Hello Everyone, Just a quick question, as my google searches for this issue turned up with nothing that represents the idea I had in mind; Do you know of any ways that people are using to implement 'sub-feeds' into their feeds? Here's a quick example of what I mean. Say, I want to implement comments into my RSS feed.  Firstly, I could go around and use the <comments> element. This is okay, and my feed allready uses these elements, but it's not what I want. I would still have to go to a webpage and display the comments in a layout that is not standardized. Also, i wouldn't be notified if there were new comments (imho one BIG advantage of RSS). So this is, for what I want, out of the question. Now I could go around and put them in the description of every item, like Joi Ito does with his 'full blown rss feed with comments', but that has two big disadvantages.-My feed's output is going to be HUGE if i'm going to be outputting every comment to every item.-Users with aggregrators which display every item fully in a list on one page, will have to read through every item WITH comments, making reading multiple items very irritating. I could also make separate feeds with the last comments, which users can subscribe to.
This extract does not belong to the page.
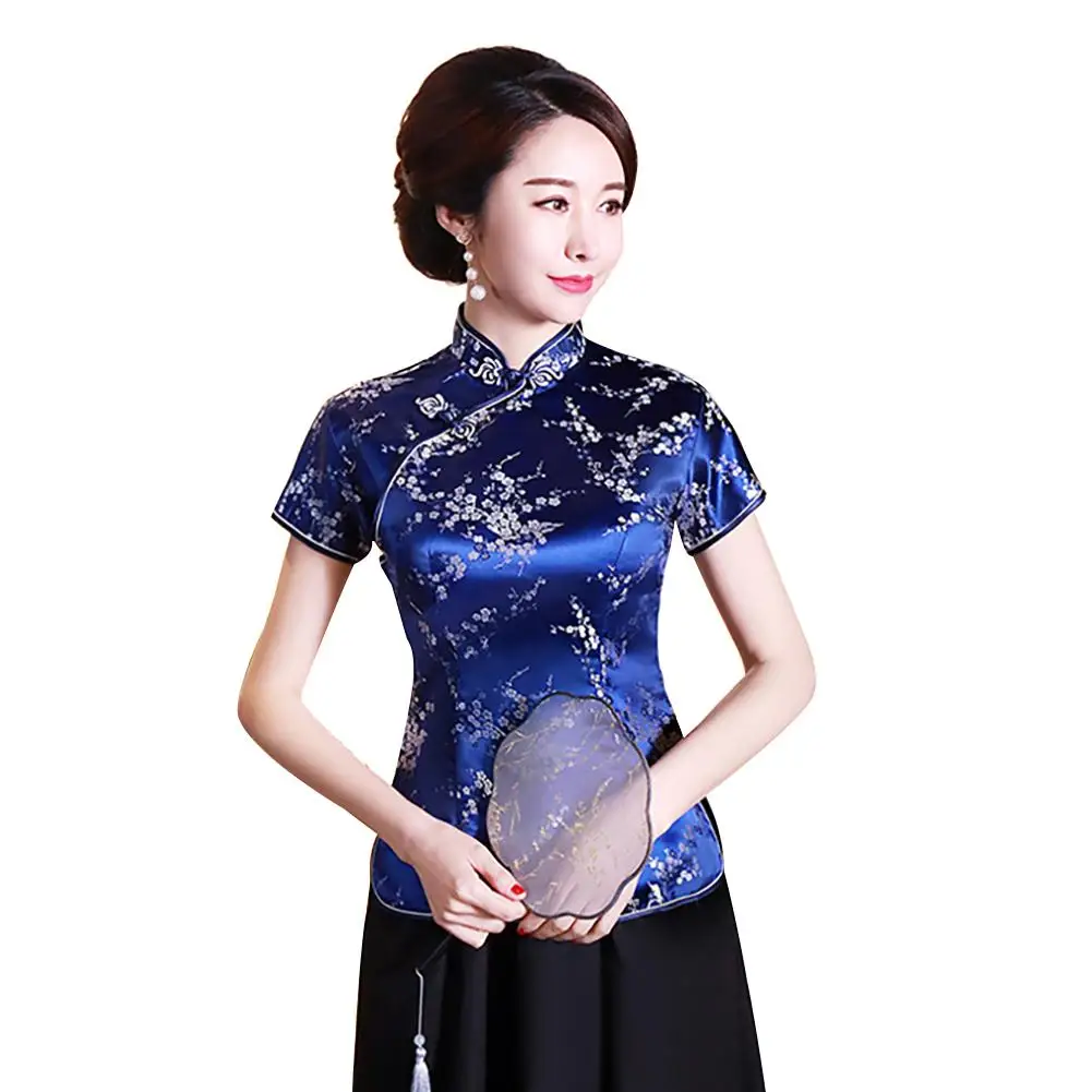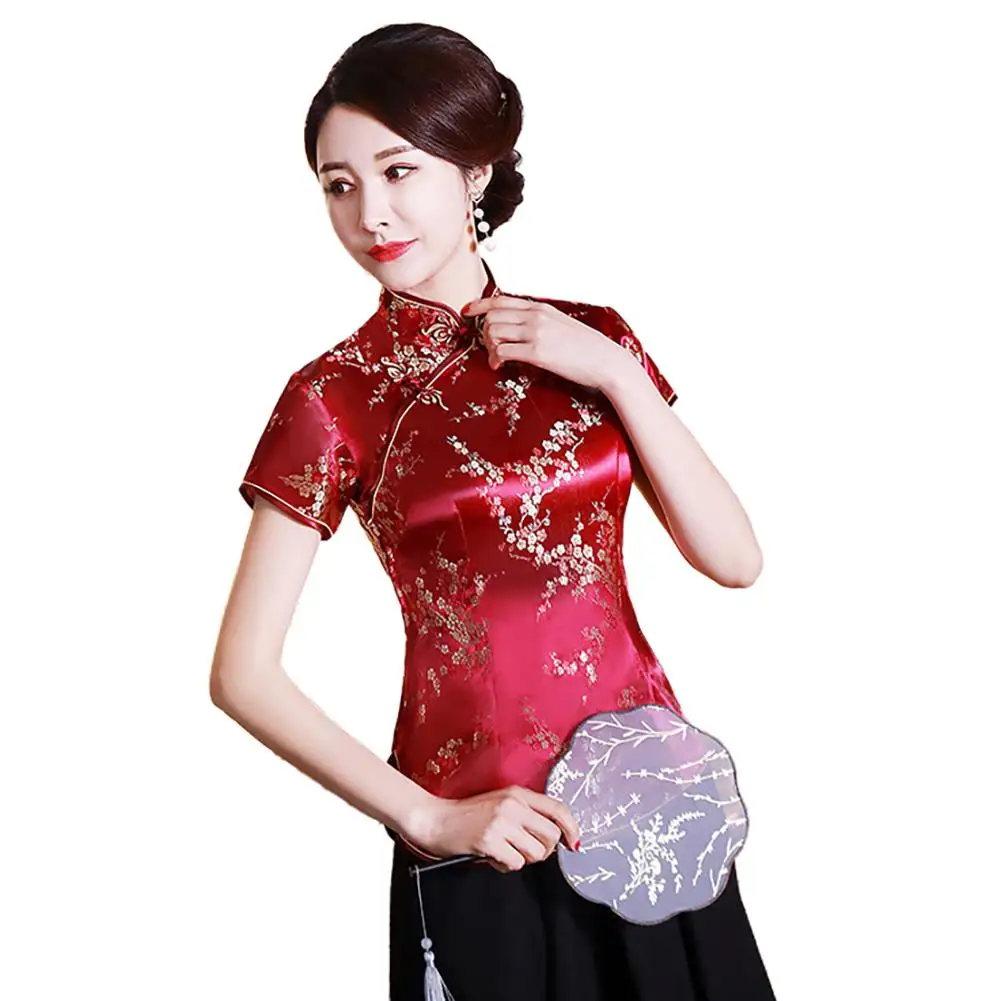Name | Elegant Women Chinese Plum Blossom Short Sleeve Stand Collar Buttons Slim Blouse Shirt Lady Traditional Clothing |

Now this is good if you're sitting behind your PC all day and have a good memory of what the discussions on various items on a blog was about, but you'd easily lose track of these comments and you would never be able to see which comments belong to which item. So this is out of the question as well. Now, what I would like to do is implement a sort of 'sub-feed' to each item of my rss-feed. I want to be able to link from an item to another RSS-feed, and I want my aggregator to automatically recognize this feed and provide the user with an option to click this feed from the aggregator so it is opened and displays all the items (comments) in this feed. Now is my question, are there allready people that you know of that are extending RSS to do such a thing? If not, then my solution would be something like: <subFeed url=vandedonk.nl name="Comments" numItems="15" />  Then my aggregator could display a link like "Comments (15)" which links to AND aggregates the comments automatically when I click it. This has the advantage that if I can use the same element for linking to feeds with trackbacks, relevant links etc etc. I hope you can spare the time to help me with this issue :) Greets and thanks in advance,Sander van de Donk

I just posted an RFC about this today.

I agree totally with Stan, IMO it _has_ to be hierarchic and support many levels to be intreresting.

A bit off-topic, but I did a little activerenderer-style rendering script to present the OPML as HTML:

www.solvare.com

Shrook already uses this exact format for import and export, and has no problem with multilevel hierarchies.